Contract Employee vs. Employee At-Will
Identifying the type of employment agreement you have is a vital step to understanding what your legal rights are if you are terminated from your employment.
It could be argued that all employees are contract employees, insofar as there was an offer of employment, acceptance of the employment duties and consideration – a promise of work for the promise of payment. In some instances these components can create a legally binding contract. Massachusetts, however, recognizes two distinct categories of employment relationships: (1) “contract employees”, and (2) “at-will” employees.
Those employees who are not “at-will” employees are more than likely “contract employees.” This contract may have been entered into in writing, orally, or be implied by actions of the employer.

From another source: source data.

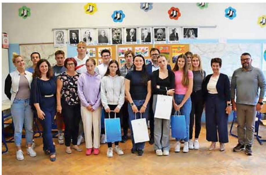
Najuspešnejši na Osnovni šoli Preska in podružnici Topol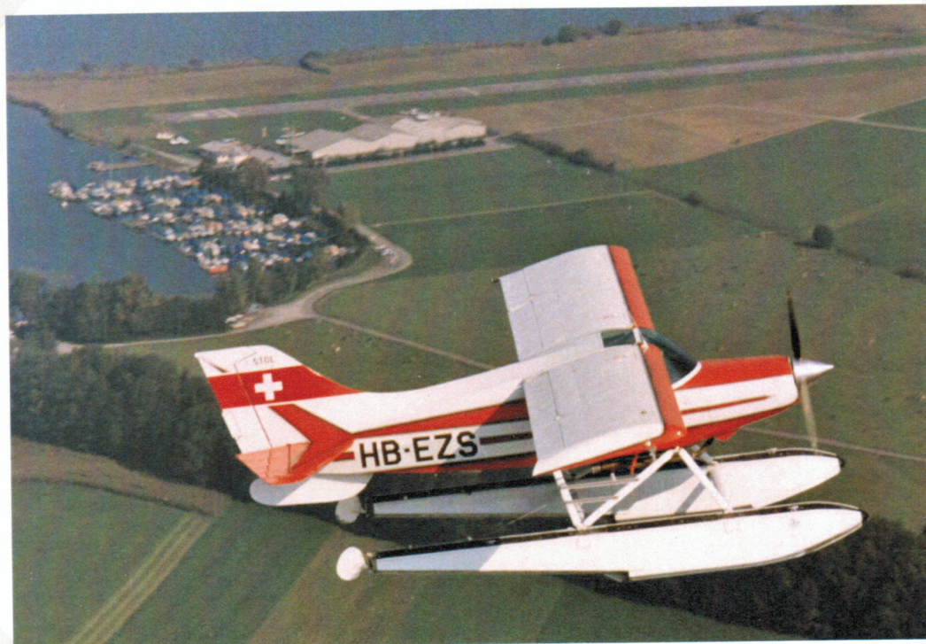
Wasserflugzeug über den Flugplatz Wangen – Lachen.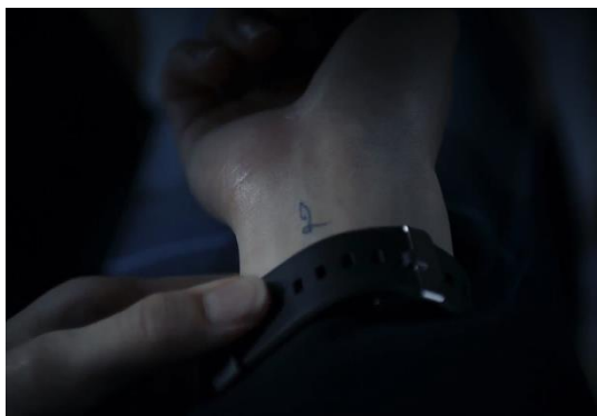
Gambar 4. Lengan Mizuki dengan tato Lunacy ( Kokuhaku , 2010. 00:13:33)

Mizuki merupakan salah seorang teman sekelas Shuuya dan Naoki. Mizuki digambarkan sebagai sosok yang misterius. Misterius menurut KBBI berarti penuh rahasia; sulit diketahui atau dijelaskan. Hal ini diperkuat dengan rahasia yang ia miliki yaitu mengenai identitasnya sebagai pembunuh dengan nama samaran “Lunacy”.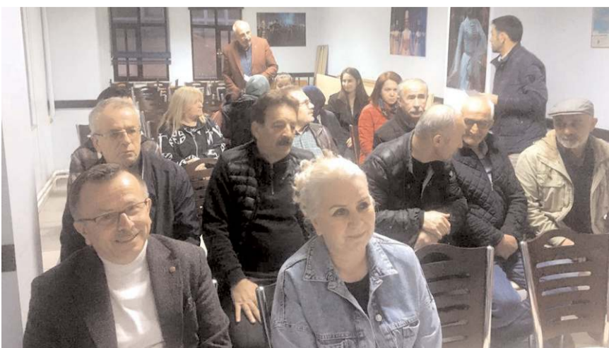
Adaylar, Çerkes vatandaşların sorun ve talepleri hakkında bilgi aldı.

Millet İttifakı milletvekili adayları ve parti yöneticileri, Sanayi Sitesi esnafını ziyaret ederek sorunları sahada tespit etti.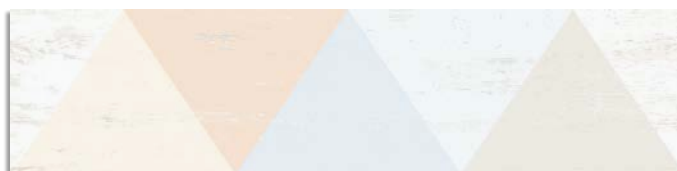
(3) Caria-R Blanco G.168

In Massachusetts, a written employment contract is generally enforceable according to the terms of the contract. This means that if a contract has specific terms outlining compensation, benefits, or how and why an employee can be terminated, the employer is legally obligated to adhere to the terms of the contract. If the employer does not adhere to these terms and provisions, the employee may be able to seek damages as a result of the breach of the employment contract. This also means however, that an employer may be able to sue the employee for damages as well if the employee is the one who breaches the agreement.
Oral contracts and implied contracts are two other examples of ways that an employee may not be considered an employee “at-will.” Massachusetts case law has held that oral employment contracts which may arise “from various representations and negotiations between the parties” may be enforceable. See, Frederick v. ConAgra, Inc. ,713 F. Supp. 41, 44 (D. Mass. 1989). Employment contracts or terms and conditions of employment may also be inferred from the actions and conduct of the parties. If the employer has certain policies regarding employment or has employee handbooks or personnel manuals, the information contained therein may be sufficient to alter what would normally be classified as an employment “at-will” and create contractual obligations for both the employer and employee.
Like most states, Massachusetts follows the “at-will” employment doctrine. This doctrine holds that employees without a contract can have their employment terminated by either party at any time and for almost any reason. Those reasons, however, must be in accordance with Federal and Massachusetts law. For example, an employer cannot terminate an employee based on race, gender, disability, sexual orientation, and other characteristics which would be deemed as unlawful discrimination. For a complete list of categories of unlawful discrimination in Massachusetts, please see the Massachusetts Fair Employment Practices Act, M.G.L. c. 151B.
This is understandably a harsh reality for those employees who find themselves to be employees at-will, and as such Massachusetts has a number of exceptions to the employment at- will doctrine. The largest and most expansive of these exceptions is known as the “public policy” exception. The public policy exception holds that an employer may not terminate an employee for asserting a legal right (such as filing for workers’ compensation) or for doing what the law requires (such as reporting or complaining about illegal activity). This exception to the at-will employment doctrine stems from the idea that an employer should not be able to terminate an employee for engaging in actions or conduct that the law requires or that public policy encourages.
Other examples include a breach of the covenant of good faith and fair dealing and constructive discharge. A breach of the covenant of good faith and fair dealing can occur when an employer terminates an at-will or subjects that employee to other adverse employment actions without cause or in bad faith and as a consequence of the termination retains compensation due the employee for the work performed. Constructive discharge may be actionable where an employer unlawfully harasses or alters the employees working conditions to such an extent that a reasonable employee could no longer endure working there and would be left with no reasonable option but to quit. In both these instances the employer may have committed an unjust or wrongful termination. The application of facts to these laws must be determined on a case by case basis.
Again, it is important for an employee to understand what type of employment arrangement they have with their employer so that they are aware of their rights, duties, and legal remedies are. If you are a contract employee the terms of the contract are usually binding and dictate the terms of your agreement. In at-will settings, only those exceptions carved out by statute or case law, can alter the terms of your employment arrangement, otherwise you or your employer may terminate the employment relationship at any time.